» Input data:
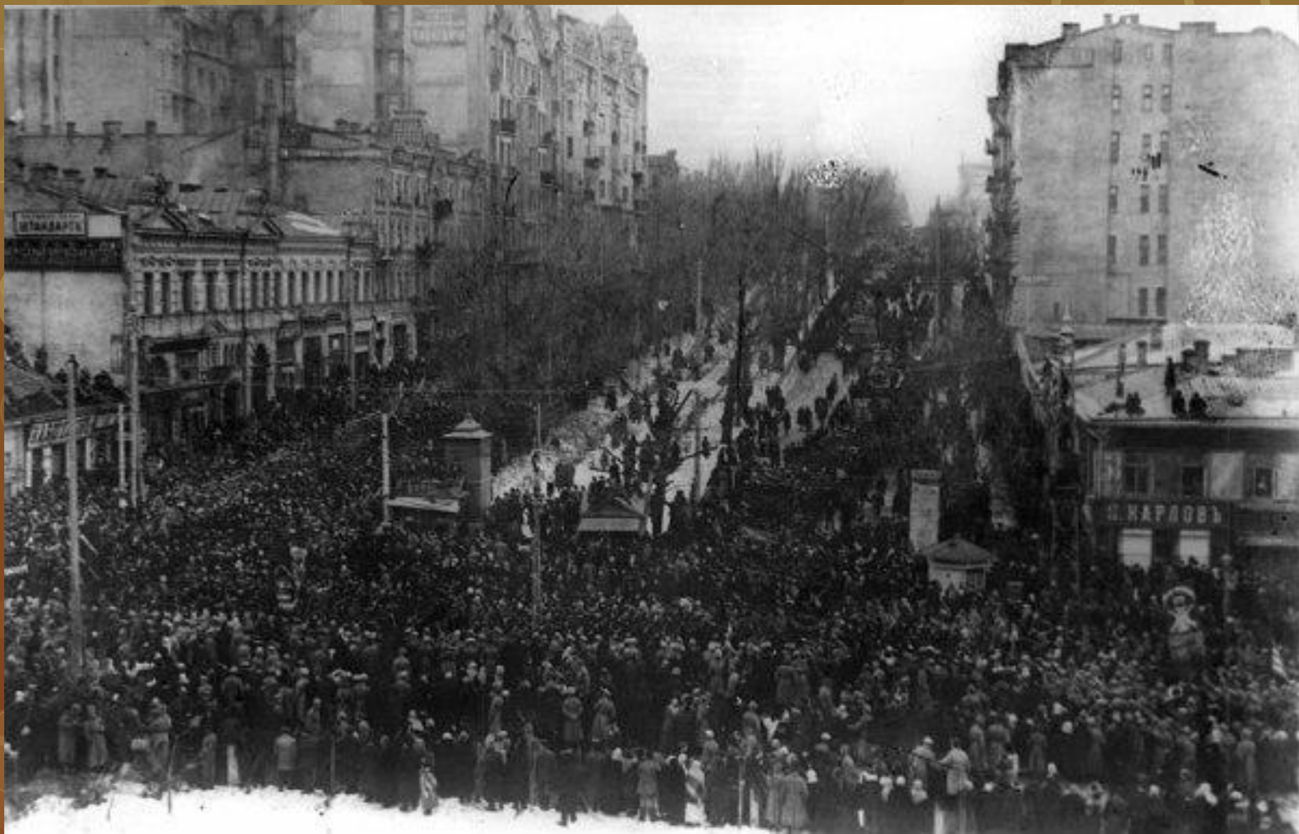
Березень 1917 року. Маніфестація на розі Хрещатика і нинішнього бульвару Шевченка .В ці дні в Києві постала Центральна Рада
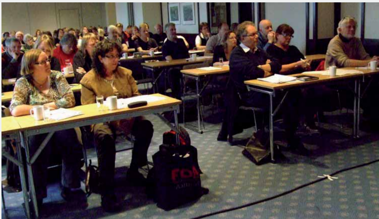
Deltakere på Rogalandskonferansen 2009.

II bør konkretiseres, utdypes og styrkes. Målet er at det skal skje i den kommende prosessen, der større deler av fagbevegelsen blir engasjert.
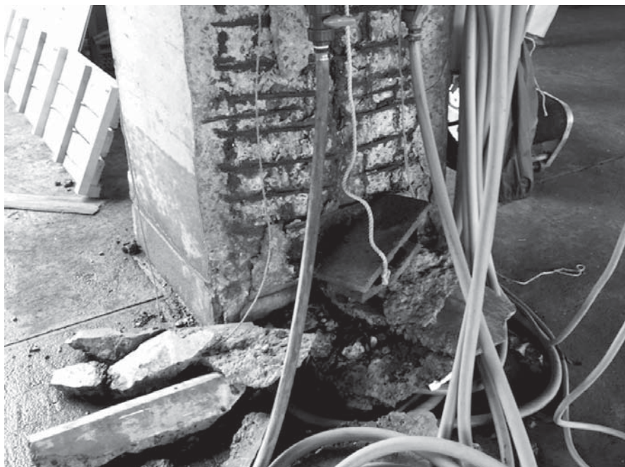
老朽化した漁業施設の一例（入野漁港）

また、改良住宅も古くて倒壊の可能性がある。しかし、津波浸水の可能性がある現地での建て替えには疑問があり、浸水区域外への建て替えを目指している。

» Exercise description:
The required output is the lines from the one containing "II bør konkretiseres, utdypes" through the end of the data, printed exactly, with no pictures.

» Answer to the exercise:
II bør konkretiseres, utdypes og styrkes. Målet er at det skal skje i den kommende prosessen, der større deler av fagbevegelsen blir engasjert.
老朽化した漁業施設の一例（入野漁港）

また、改良住宅も古くて倒壊の可能性がある。しかし、津波浸水の可能性がある現地での建て替えには疑問があり、浸水区域外への建て替えを目指している。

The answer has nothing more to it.